EXERCISE -
Omit all pictures and transcribe only the lines in the entries below that run from the line with "Bei uns auf" through the line with "There was no".

DATASET -
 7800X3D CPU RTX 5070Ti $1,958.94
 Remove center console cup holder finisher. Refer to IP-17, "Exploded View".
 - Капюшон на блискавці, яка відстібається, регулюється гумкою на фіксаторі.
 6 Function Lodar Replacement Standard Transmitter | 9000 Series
--
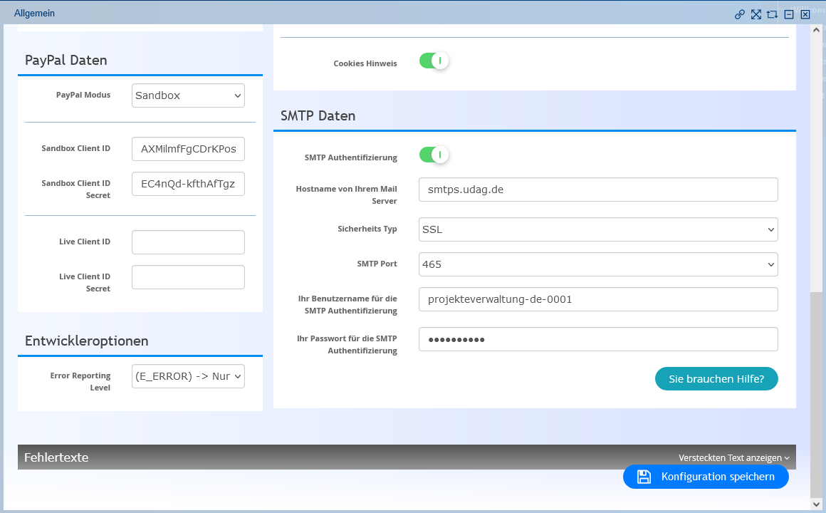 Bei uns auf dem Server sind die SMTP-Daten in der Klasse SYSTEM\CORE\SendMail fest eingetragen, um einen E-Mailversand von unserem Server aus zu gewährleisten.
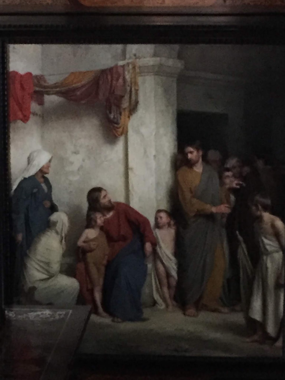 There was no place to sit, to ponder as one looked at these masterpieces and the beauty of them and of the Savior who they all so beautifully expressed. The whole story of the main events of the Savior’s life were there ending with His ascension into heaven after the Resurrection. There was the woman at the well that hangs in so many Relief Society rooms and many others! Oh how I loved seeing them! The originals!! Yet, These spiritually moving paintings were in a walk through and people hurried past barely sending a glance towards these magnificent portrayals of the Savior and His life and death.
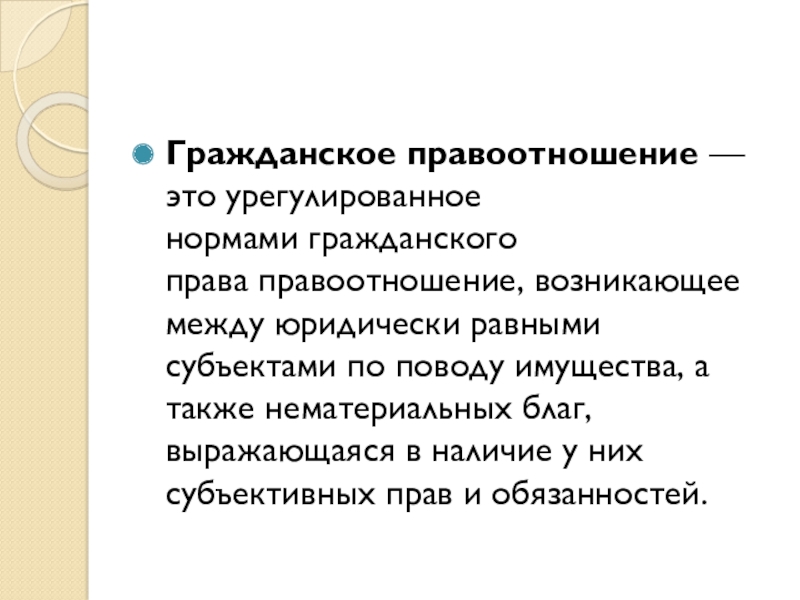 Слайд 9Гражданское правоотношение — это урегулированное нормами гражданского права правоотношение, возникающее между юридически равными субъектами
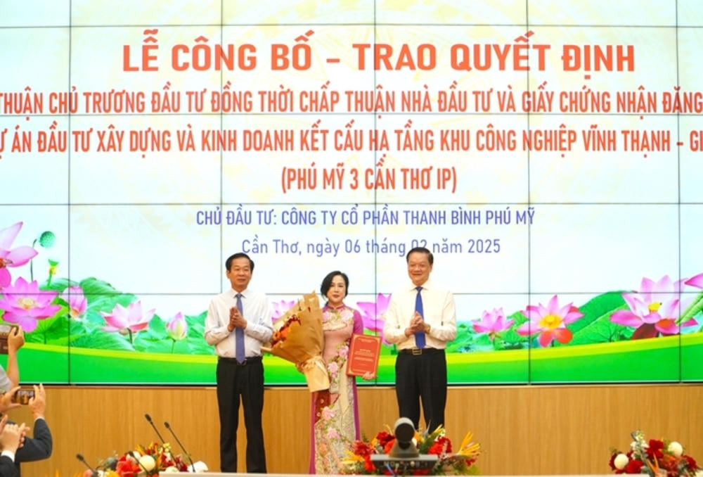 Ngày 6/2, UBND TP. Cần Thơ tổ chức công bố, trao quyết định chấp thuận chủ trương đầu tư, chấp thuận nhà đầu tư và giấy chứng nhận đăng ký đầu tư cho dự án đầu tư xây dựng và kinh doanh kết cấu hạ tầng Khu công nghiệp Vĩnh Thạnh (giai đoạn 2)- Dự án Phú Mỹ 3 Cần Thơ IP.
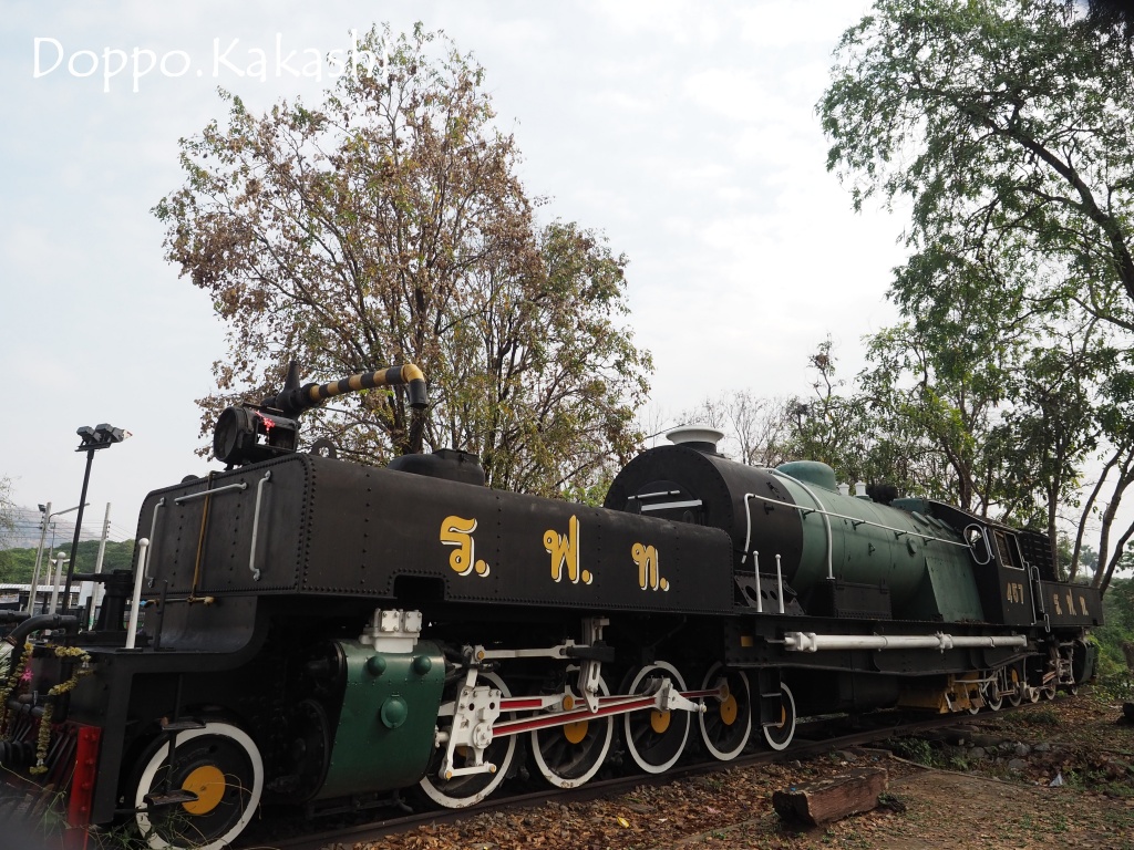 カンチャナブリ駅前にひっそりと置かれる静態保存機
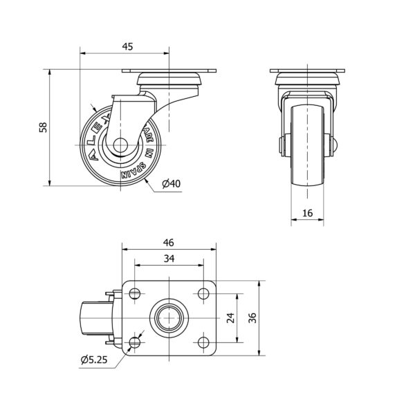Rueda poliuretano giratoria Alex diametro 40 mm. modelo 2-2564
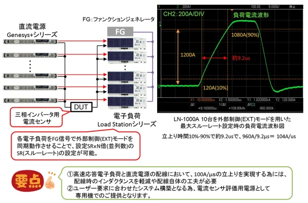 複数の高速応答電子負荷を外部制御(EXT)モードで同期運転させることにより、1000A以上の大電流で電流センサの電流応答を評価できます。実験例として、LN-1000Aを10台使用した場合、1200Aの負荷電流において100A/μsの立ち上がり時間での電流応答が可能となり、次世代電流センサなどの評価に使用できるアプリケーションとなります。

SOLUTION BELOW -
 Bei uns auf dem Server sind die SMTP-Daten in der Klasse SYSTEM\CORE\SendMail fest eingetragen, um einen E-Mailversand von unserem Server aus zu gewährleisten.
 There was no place to sit, to ponder as one looked at these masterpieces and the beauty of them and of the Savior who they all so beautifully expressed. The whole story of the main events of the Savior’s life were there ending with His ascension into heaven after the Resurrection. There was the woman at the well that hangs in so many Relief Society rooms and many others! Oh how I loved seeing them! The originals!! Yet, These spiritually moving paintings were in a walk through and people hurried past barely sending a glance towards these magnificent portrayals of the Savior and His life and death.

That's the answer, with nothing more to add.